Fewer offshore countries are willing to take Canada’s plastic waste — until 2018, we were shipping 96 per cent of our scrap plastic to China (an unsustainable and unfair so-called “solution” to the problem). Since being cut off, the country has been forced to reckon with its wastefulness.

Our recycling capacity is also nowhere near able to match our plastic use. Of the three million tonnes of plastic waste Canadians throw away every year, only nine per cent is actually recycled. The vast majority ends up in landfills, with a significant amount making its way into the natural environment, where some breaks down into harmful microplastics that poison wildlife and pollute our drinking water.

Last October, the federal government introduced a plan to ban checkout bags, straws, stir sticks, six-pack rings, cutlery and food containers made from hard-to-recycle plastics. The national plan also proposed to expand local recycling programs and make plastic producers and sellers responsible for collecting their own products.

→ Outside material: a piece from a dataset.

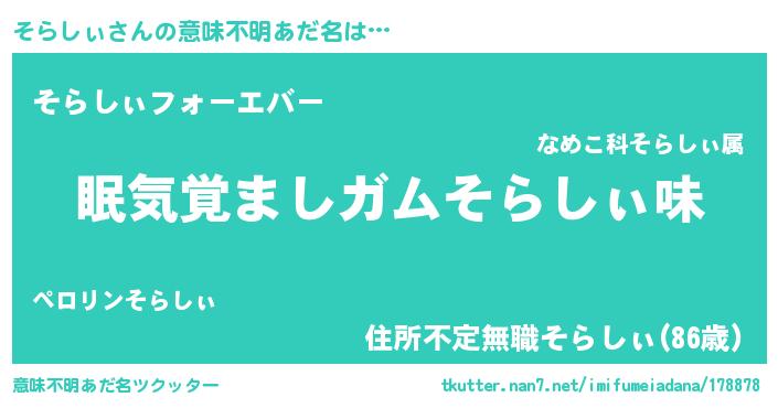 | ヒーロー風カッコイイあだ名 | 『慈愛の使者そらしぃ』『仮面ソラダー』 |

The regulations for phasing out select plastics are set to be announced at the end of this year — although the federal election outcome could put a wrench in those plans — and the goal is to achieve zero plastic waste in Canada by 2030. Manitoba also tabled a bill to ban plastic bags and straws by the beginning of this year, but it was put on hold indefinitely amid the pandemic.

Instead of waiting for higher governments to make the call, Winnipeg should follow Montreal’s lead and implement its own plastic ban. Garbage and recycling is a municipal responsibility, and the city currently diverts a paltry 32 per cent of its waste from the landfill annually through recycling. A plastic ban could help reduce the overall amount of garbage heading to the curb.

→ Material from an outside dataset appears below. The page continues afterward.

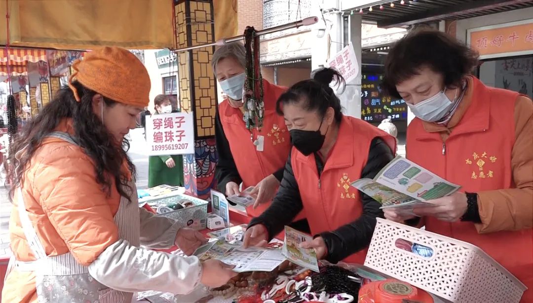 “吉庆大妈”志愿服务队成立于2019年,共有成员16名,平均年龄67岁,主要承担法规宣传、秩序规范、环境整治、商户服务、防控值守、导游讲解等志愿服务工作。

For a ban to succeed, financial support and creative alternatives to plastic will be needed locally. Some retailers have already returned to brown paper shopping bags, while many restaurants have made the switch to compostable clamshells, cups and cutlery — although, the latter can be cost-prohibitive.

It’s also important to avoid putting all our eggs in a biodegradable basket. Compostable waste is still waste, and Winnipeg is still lacking in the municipal composting department, which means many of those environmentally friendly packages end up decomposing and releasing harmful methane gas in the landfill. The focus going forward should be on reducing how much we rely on single-use plastic.

There are many examples of companies banning plastic from their business models, but like every environmental crisis facing the world today, individual choice will never be able to make up for inferior political will. Governments large and small need to enact policies that address the problem of plastics or risk a future ruled by garbage. Plastic straws should be the final, well, straw.